** Opening Excerpted data block **
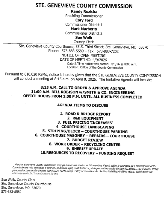 Ste. Genevieve County Commission meets this morning / News, Ste. Genevieve News STE. GENEVIEVE – The Ste. Genevieve County Commission will meet at 8:15 a.m. today in the Ste. Genevieve County Courthouse. The meeting is open to the public. The tentative agenda:
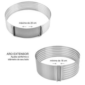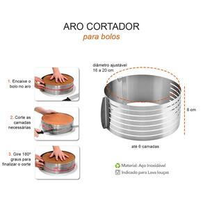Contem: 1 Aro Cortador Diametro: 16 a 20 cm Altura: 8 cm Material: Aço Inoxidavel
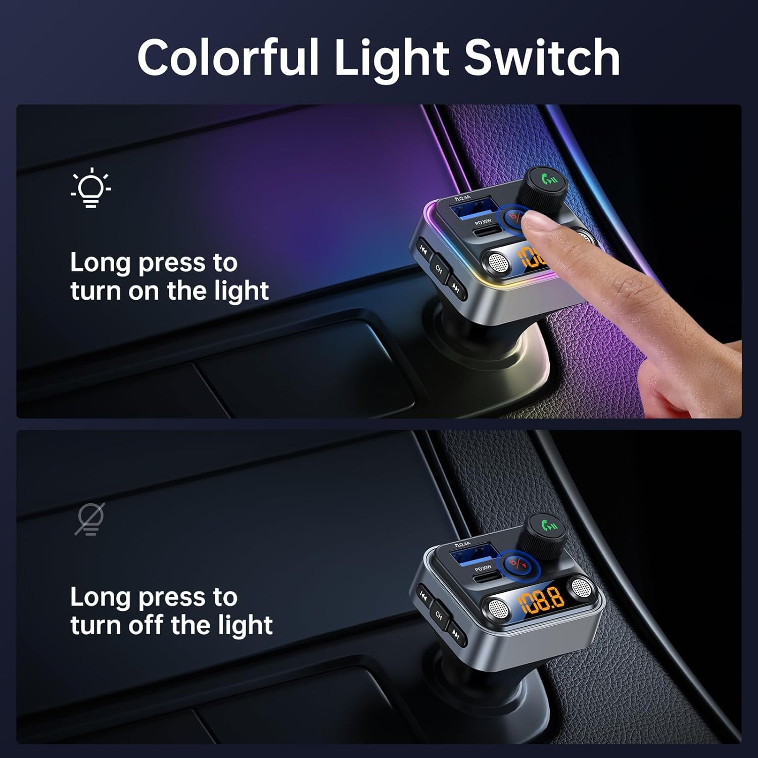 - 【Hi-Fi Deep Bass & Ambient Backlit】Just press the button "B" and you will enjoy powerful deep bass and immersive car FM radio stereo sound. The high-fidelity Hi-Fi sound quality of the transmitter will also make the music more dynamic and pleasing to the ear, elevating your musical journey to unprecedented heights.
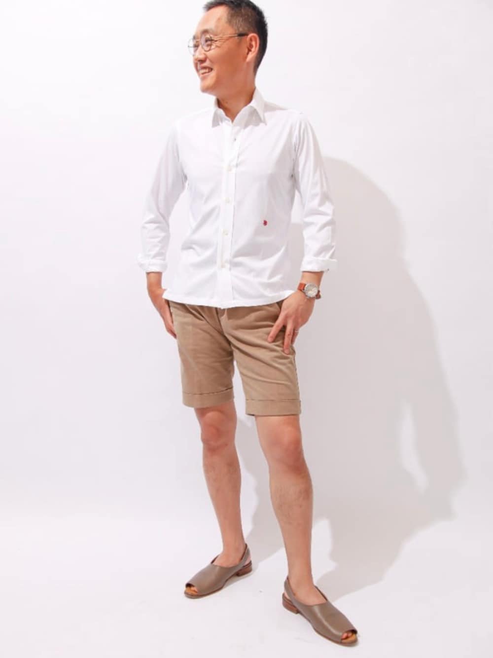 暑いので 今日は短パン! 短パンの肝は・・・ 1)長さ 2)シルエット 長さは膝上 シルエットは細身 これだけで 短パン姿が激変します!
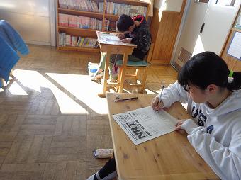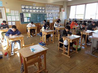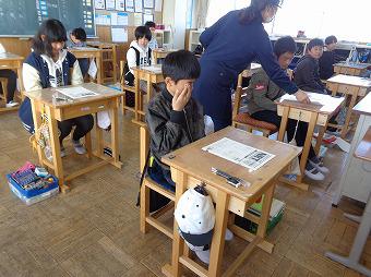 6年生が1年間の学習の総決算として学力テストに臨みました。どの子も真剣な表情で問題に取り組んでいました。
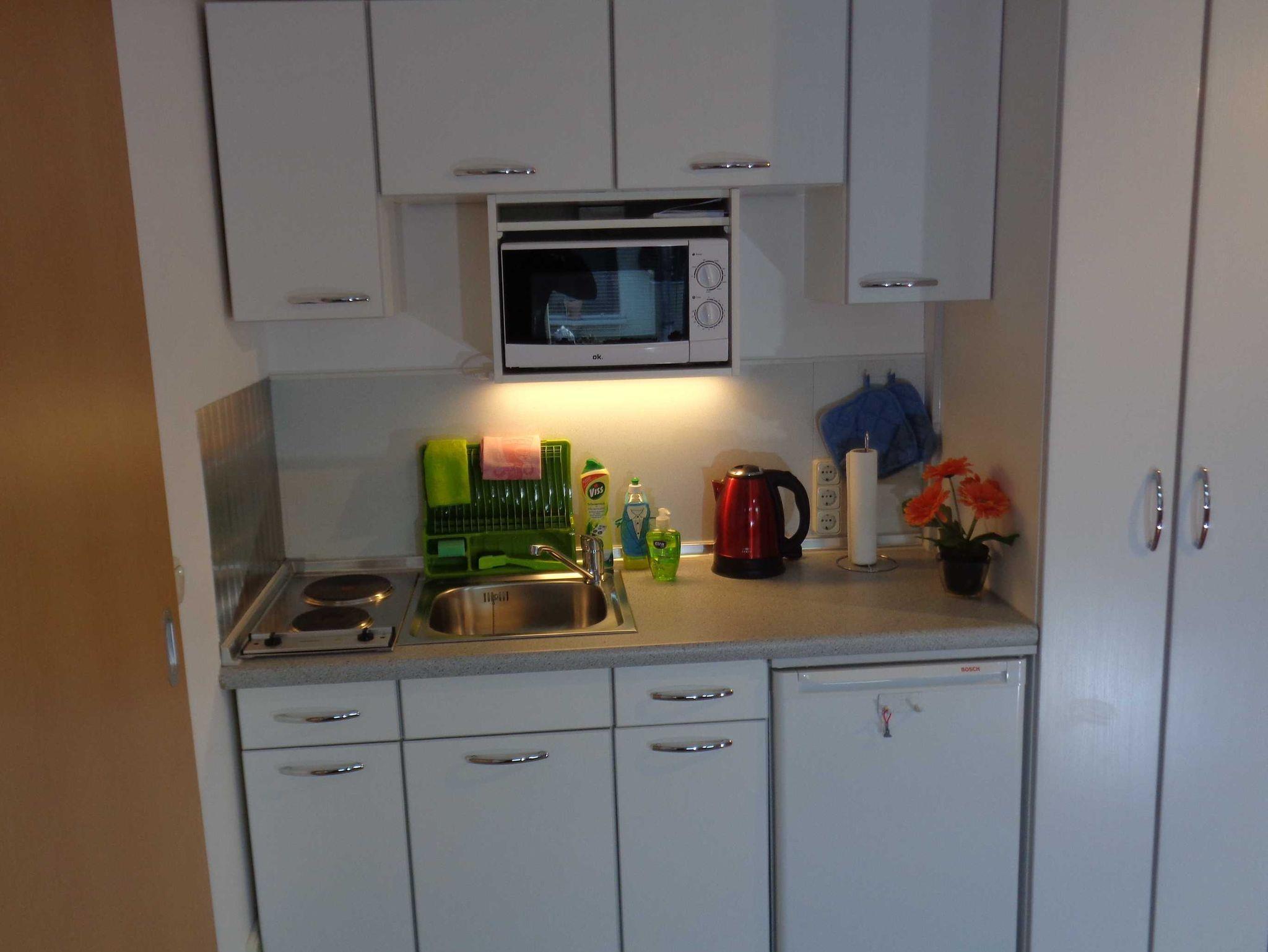 Kleine Ferienwohnung mit sep. Eingang auf eigenem Grundstück, in ruhiger, aber doch zentraler Lage im Grünen mit Terrasse und Gartenmöbel (Grillmöglichkeit), ebenerdig., WLAN-kostenfrei, Kombination aus Wohn- und Schlafraum mit zwei Einzelbetten 90x200 (können auch zusammen gestellt werden), moderne Einbauküche, Mikrowelle, Kühlschrank, doppelte Kochstelle, Eierkocher, Toaster, Kaffeemasch. und Wasserkocher, Tisch mit 2 Cocktailsessel, Dusche und WC mit modernem Waschtisch
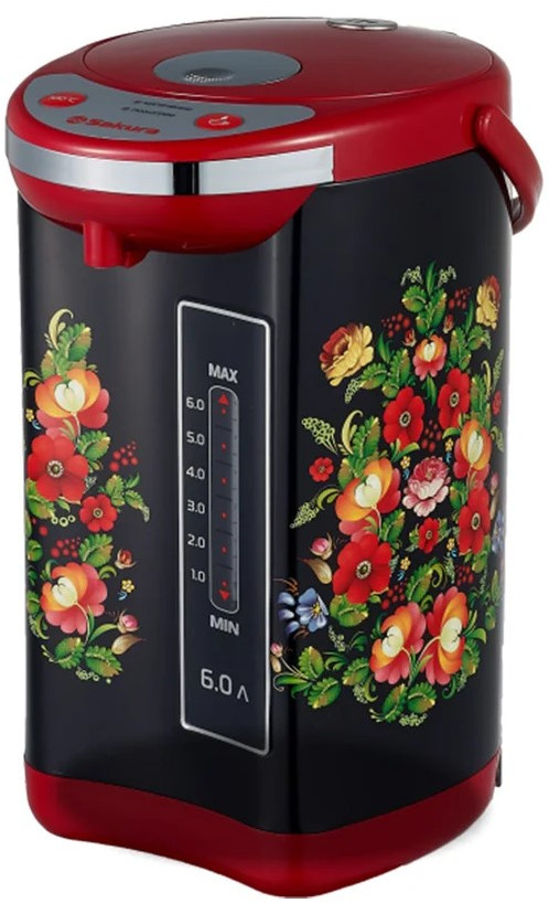 Термопот Sakura 6,0 л SA-316BRF предназначен для дома или офиса. Используется для нагрева воды и удержания ее температуры в течение длительного времени, что экономит время и силы на многоразовый разогрев чайника. Имеет объем 6 литров, поэтому отличается вместительностью, за счет чего подходит для нескольких человек. Термопот оснащен ручкой, поэтому удобен при переноске, что позволяет брать его с собой на пикник или на дачу.
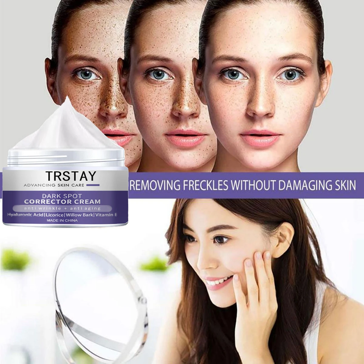 Unlock your skin's potential! ๐ What is it - Our Anti-Aging Freckle Cream is a nourishing skincare solution that targets freckles, pores, and wrinkles while deeply moisturizing your skin for a radiant glow. Infused with premium ingredients like collagen and hyaluronic acid, this lightweight cream is suitable for all skin types and delivers exceptional results.๐ Why you need it - - Fades freckles and reduces dark spots for a clearer complexion.- Minimizes the appearance of pores for smoother skin.- Provides intense hydration to combat dryness and aging.- Promotes skin elasticity and firmness, fighting wrinkles effectively.โจ Why you love it - - Fast-absorbing formula leaves no greasy residue, perfect for daily wear.- Enriched with nourishing argan oil and vitamin A to revitalize your skin.- Pleasant fragrance enhances your self-care routine, making it a treat for your senses.๐งด How to use it - Apply a small amount to clean, dry skin, gently massaging until fully absorbed. Use daily for best results, both morning and night. Perfect under makeup or as a night cream.โ
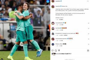 卡塞米罗写道:“我的朋友,关于你的告别,我还能多说什么呢?能与你并肩作战、与你和克罗斯一起享受足球是一种荣誉。我们一起度过了那么多难忘的时刻!”
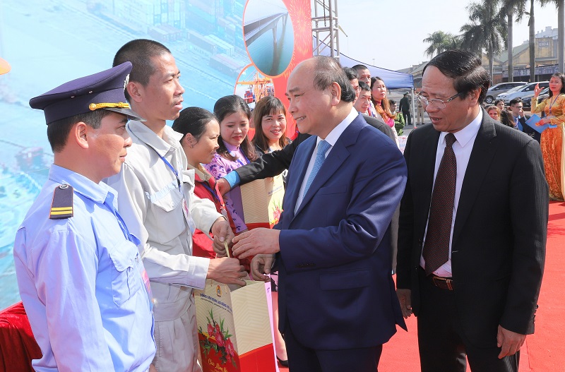 Thủ tướng Nguyễn Xuân Phúc cùng lãnh đạo TổngLĐLĐ VN, lãnh đạo TP Hải Phòng tặng quà Tết công nhân
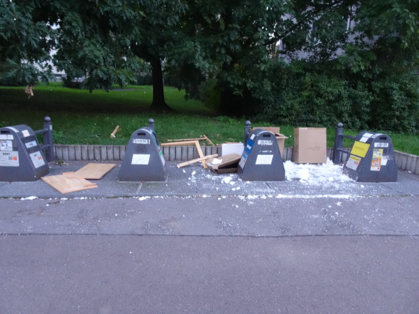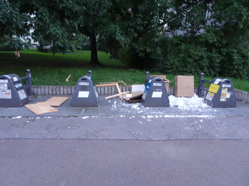 v ulici Habrova je okolo kontejenru na trideny odpad neporadek. rozbity nabytek atd.
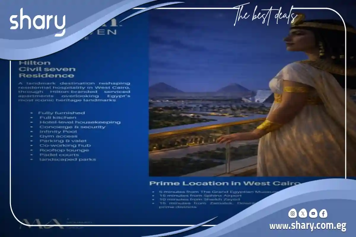 هيلتون سيفيل سيفن ريزيدنس اكتوبر Hilton Civil Seven October ثورة حقيقة في عالم الإقامة الفندقية والسكنية، أطلقتها شركة محمد أيوب جروب للتطوير العقاري، كخطوة جديدة تجتمع فيها الفخامة الفريدة مع الأسعار التنافسية.
** Closing Excerpted data block **
### What is required
Pictures stay out. Repeat only the lines from the beginning of the data through the line that has "Kleine Ferienwohnung mit".

### Task output
 Ste. Genevieve County Commission meets this morning / News, Ste. Genevieve News STE. GENEVIEVE – The Ste. Genevieve County Commission will meet at 8:15 a.m. today in the Ste. Genevieve County Courthouse. The meeting is open to the public. The tentative agenda:
Contem: 1 Aro Cortador Diametro: 16 a 20 cm Altura: 8 cm Material: Aço Inoxidavel
 - 【Hi-Fi Deep Bass & Ambient Backlit】Just press the button "B" and you will enjoy powerful deep bass and immersive car FM radio stereo sound. The high-fidelity Hi-Fi sound quality of the transmitter will also make the music more dynamic and pleasing to the ear, elevating your musical journey to unprecedented heights.
 暑いので 今日は短パン! 短パンの肝は・・・ 1)長さ 2)シルエット 長さは膝上 シルエットは細身 これだけで 短パン姿が激変します!
 6年生が1年間の学習の総決算として学力テストに臨みました。どの子も真剣な表情で問題に取り組んでいました。
 Kleine Ferienwohnung mit sep. Eingang auf eigenem Grundstück, in ruhiger, aber doch zentraler Lage im Grünen mit Terrasse und Gartenmöbel (Grillmöglichkeit), ebenerdig., WLAN-kostenfrei, Kombination aus Wohn- und Schlafraum mit zwei Einzelbetten 90x200 (können auch zusammen gestellt werden), moderne Einbauküche, Mikrowelle, Kühlschrank, doppelte Kochstelle, Eierkocher, Toaster, Kaffeemasch. und Wasserkocher, Tisch mit 2 Cocktailsessel, Dusche und WC mit modernem Waschtisch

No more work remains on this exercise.